TASK PROMPT
Return the full set of entries precisely. Do not carry over any pictures.

Start of MATERIAL FOR THIS EXERCISE

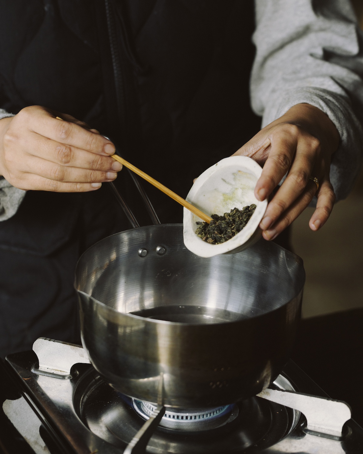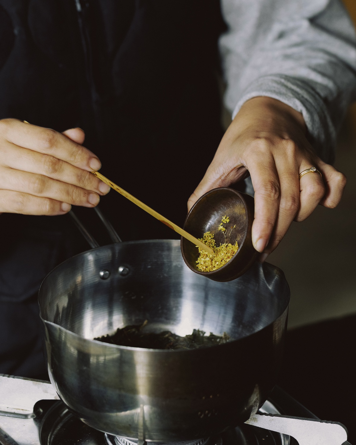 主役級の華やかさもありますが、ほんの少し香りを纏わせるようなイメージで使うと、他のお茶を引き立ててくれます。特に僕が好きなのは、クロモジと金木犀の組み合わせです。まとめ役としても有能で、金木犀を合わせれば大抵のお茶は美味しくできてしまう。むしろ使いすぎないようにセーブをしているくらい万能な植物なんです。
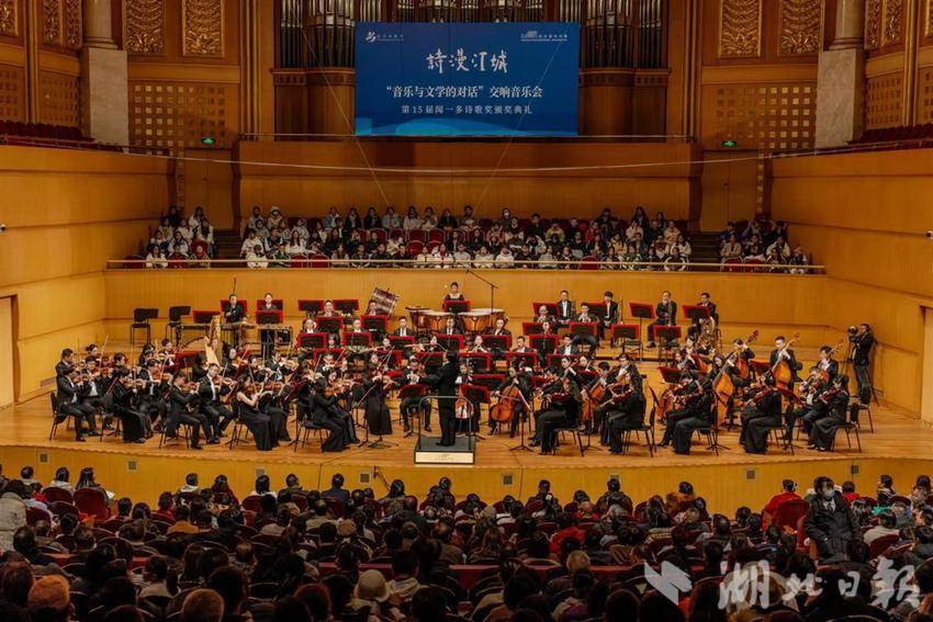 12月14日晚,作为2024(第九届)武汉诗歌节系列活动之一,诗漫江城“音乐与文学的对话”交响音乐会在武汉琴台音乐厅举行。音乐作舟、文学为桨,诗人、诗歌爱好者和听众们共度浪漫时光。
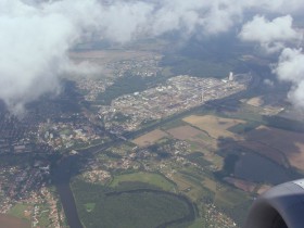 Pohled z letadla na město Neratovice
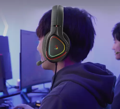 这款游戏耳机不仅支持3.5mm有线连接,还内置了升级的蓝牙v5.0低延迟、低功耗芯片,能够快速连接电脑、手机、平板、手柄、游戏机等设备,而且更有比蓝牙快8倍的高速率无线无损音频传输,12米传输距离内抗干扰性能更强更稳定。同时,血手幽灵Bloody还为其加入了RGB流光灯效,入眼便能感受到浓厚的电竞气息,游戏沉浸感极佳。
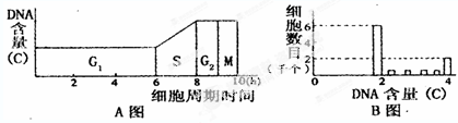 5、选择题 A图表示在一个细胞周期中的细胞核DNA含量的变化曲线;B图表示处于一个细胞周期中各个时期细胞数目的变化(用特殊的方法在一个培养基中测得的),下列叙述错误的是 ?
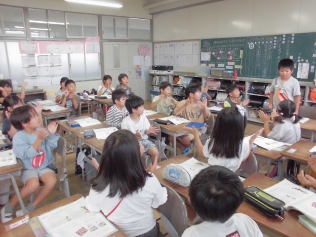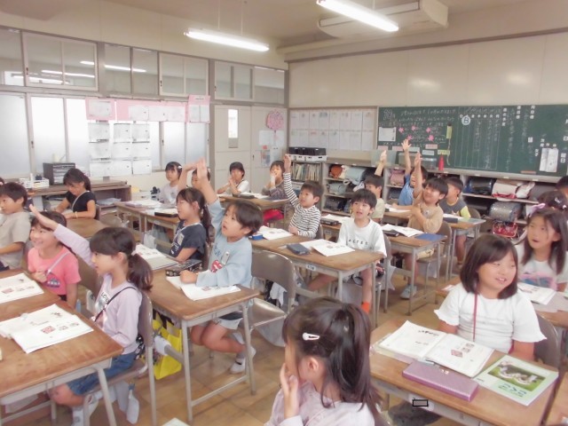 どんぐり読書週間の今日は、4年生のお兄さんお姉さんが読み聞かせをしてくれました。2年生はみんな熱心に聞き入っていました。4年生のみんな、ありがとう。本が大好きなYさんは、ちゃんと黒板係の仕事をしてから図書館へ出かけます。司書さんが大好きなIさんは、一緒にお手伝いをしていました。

End of MATERIAL FOR THIS EXERCISE

OUTPUT FOR THIS EXERCISE
 主役級の華やかさもありますが、ほんの少し香りを纏わせるようなイメージで使うと、他のお茶を引き立ててくれます。特に僕が好きなのは、クロモジと金木犀の組み合わせです。まとめ役としても有能で、金木犀を合わせれば大抵のお茶は美味しくできてしまう。むしろ使いすぎないようにセーブをしているくらい万能な植物なんです。
 12月14日晚,作为2024(第九届)武汉诗歌节系列活动之一,诗漫江城“音乐与文学的对话”交响音乐会在武汉琴台音乐厅举行。音乐作舟、文学为桨,诗人、诗歌爱好者和听众们共度浪漫时光。
 Pohled z letadla na město Neratovice
 这款游戏耳机不仅支持3.5mm有线连接,还内置了升级的蓝牙v5.0低延迟、低功耗芯片,能够快速连接电脑、手机、平板、手柄、游戏机等设备,而且更有比蓝牙快8倍的高速率无线无损音频传输,12米传输距离内抗干扰性能更强更稳定。同时,血手幽灵Bloody还为其加入了RGB流光灯效,入眼便能感受到浓厚的电竞气息,游戏沉浸感极佳。
 5、选择题 A图表示在一个细胞周期中的细胞核DNA含量的变化曲线;B图表示处于一个细胞周期中各个时期细胞数目的变化(用特殊的方法在一个培养基中测得的),下列叙述错误的是 ?
 どんぐり読書週間の今日は、4年生のお兄さんお姉さんが読み聞かせをしてくれました。2年生はみんな熱心に聞き入っていました。4年生のみんな、ありがとう。本が大好きなYさんは、ちゃんと黒板係の仕事をしてから図書館へ出かけます。司書さんが大好きなIさんは、一緒にお手伝いをしていました。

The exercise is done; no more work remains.